Ne esce, alla fine della giornata parlamentare, una Meloni che forse mai come oggi si era schierata così esplicitamente con Trump. Ha annunciato che andrà al Consiglio Europeo a mettersi di traverso sull’uso degli asset russi. Roma eventualmente vorrebbe usarli per la ricostruzione. Come eventualmente vorrebbe Trump, in nome degli affari. Ha ribadito che non ci saranno soldati italiani in Ucraina, mentre gli europei discutono di questo. Ha evocato una concordia Europa-Stati Uniti che non può esistere nel momento in cui l’amministrazione Usa descrive l’Unione Europea come una realtà ostile.
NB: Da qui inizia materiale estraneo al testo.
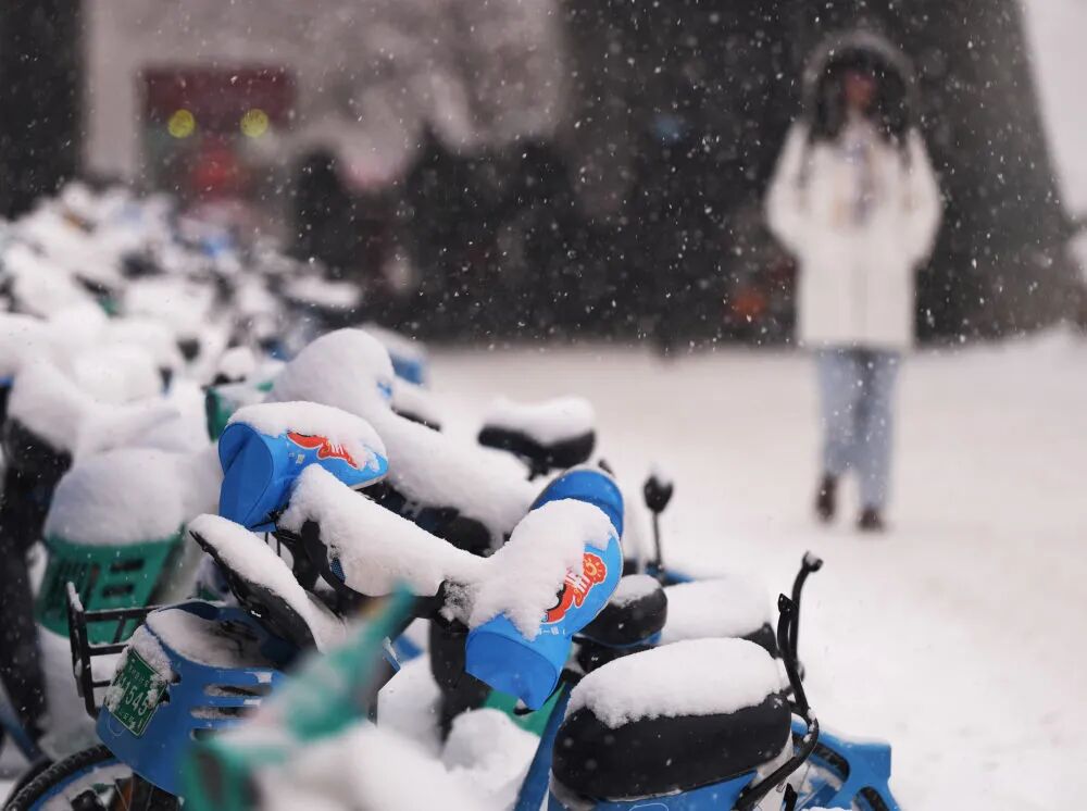市民在沈阳街头冒雪出行。新华社记者 李钢 摄

“Vi dite patrioti ma se giocate contro l’Europa giocate anche contro l’Italia” incalzano dal Pd, ricordando come dagli Stati Uniti si accrediti l’Italia come uno dei paesi grimaldello per scardinarla. Sull’Ucraina, e sull’unità europea, date le premesse di oggi l’Italia sarà un ostacolo, non un punto di forza. Le opposizioni: Elly Schlein prende la parola, rivendica un ruolo europeo nelle trattative di pace, e attacca: “Salvini ora fa il portavoce del Cremlino?”.
Facile, per le opposizioni, mettere il dito in quella piaga anzi in quelle piaghe. Un po’ meno facile prendere atto delle proprie divisioni. Quelle di bandiera, per cui ciascun gruppo presenta la sua mozione, e così sono sei, con inevitabile ironia del governo. E le divisioni di sostanza, con battute a sinistra del tipo “si deve pensare alle pensioni, non all’Ucraina”, con il capogruppo 5 Stelle Ricciardi che fa un discorso anti Ucraina che non dispiacerebbe al Salvini attaccato da Schlein, con Conte che sui beni russi congelati manda un avviso di fuoco a Meloni: “Stia attenta alle firme che mette a nome degli italiani sugli asset russi. È pericolosissimo”.
Provenzano, del Pd, che aveva difeso l’Europa e l’Ucraina, in Transatlantico dice: “siamo il partito di maggioranza, imporremo la nostra linea”. Alle opposizioni, viste oggi alla Camera, converrebbe che la guerra in Ucraina finisse prima delle prossime elezioni.